Whether or not you believe that Microsoft would try something like that--it's not exactly the smartest move, considering that Bing will occupy around 10 percent of the U.S. search engine market until the Microsoft-Yahoo partnership, which will see Bing powering search on Yahoo's sites, closes in 2010--an offhand comment during last week's Bing press conference suggested that Microsoft is likely more focused on growing its own properties than persuading publishers to delist from the largest search engine currently on the market.

During the Dec. 2 conference, Satya Nadella, senior vice president of research and development for Microsoft's Online Services Division, said, "There is no real intent here that is focused on getting a whole bunch of content that is deindexed from Google."

Because Microsoft refused to let reporters not in San Francisco dial into the conference, that quote was first reported by Kara Swisher at All Things Digital. I later independently confirmed Nadella's sound byte with Microsoft.

I feel that Nadella can be believed. At this point, challenging Google by paying publishers to delist their content would be a suicidal move for those publishers, at least as far as ad revenue is concerned; and Microsoft, trying to come back after a few quarters of declining revenues, is unlikely to want to blow millions (or even billions in the long term; last time I checked, Murdoch drove a hard bargain) on such a Quixotic effort.

Instead, it seems that Microsoft is perfectly content to chip away at Google's search dominance by adding new features to Bing.
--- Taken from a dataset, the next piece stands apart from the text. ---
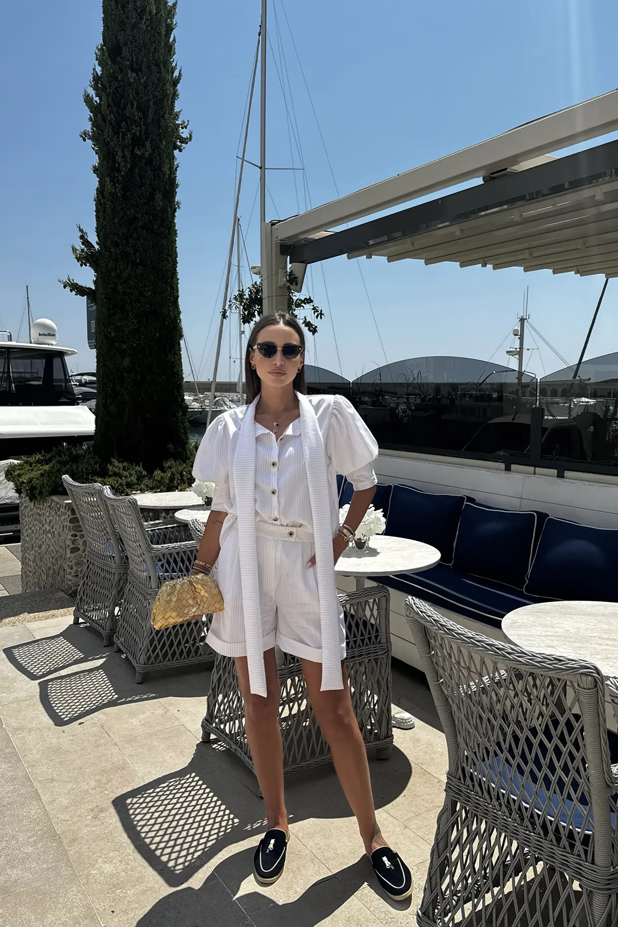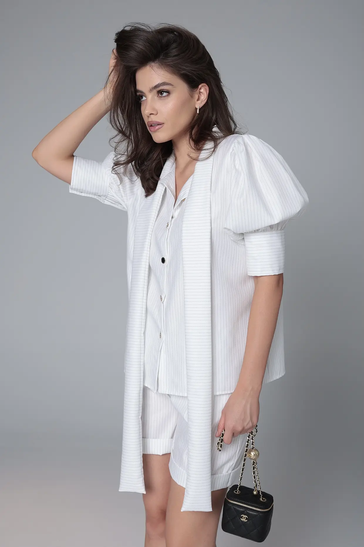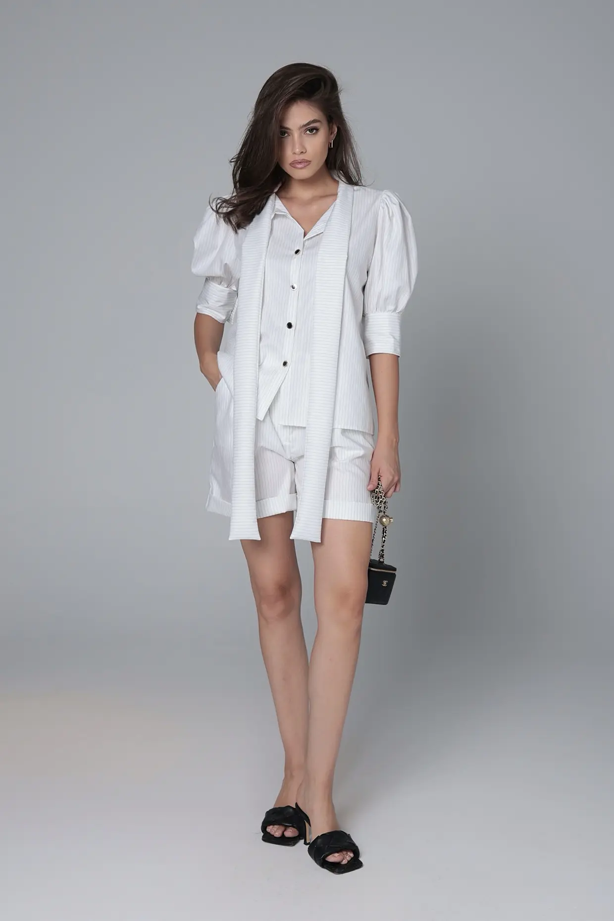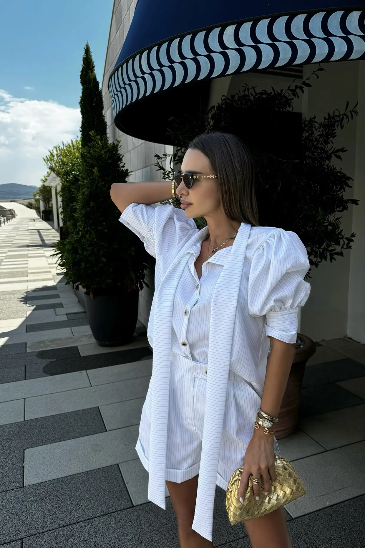 Lana set u beloj nijansi sa suptilnim crnim linijama donosi svežinu, jednostavnost i šik eleganciju u jednom. Izrađen od premium italijanskog pamuka, kombinuje klasičnu formu sa modernim detaljima poput puf rukava i vezivanja oko vrata. Minimalistički, a upečatljiv – idealan za sofisticiran letnji stil koji ne prolazi nezapaženo.

The new additions--announced during that Dec. 2 conference, and not to be confused with November's added features--include updated Bing Maps (complete with Streetside, which provides an eye-level view of local terrain that's reminiscent of Google's Street View) and a new Bing mobile application that allows voice search (among other things).

Whether new-and-improved features, combined with partnerships like the one with Yahoo, eventually allow Microsoft to threaten Google's lead is something that won't be determined for quite some time. At the current moment, though, Microsoft seems content to gain Bing's share by a point or two every quarter ... and not rush into kamikaze deals like the one being suggested with News Corp.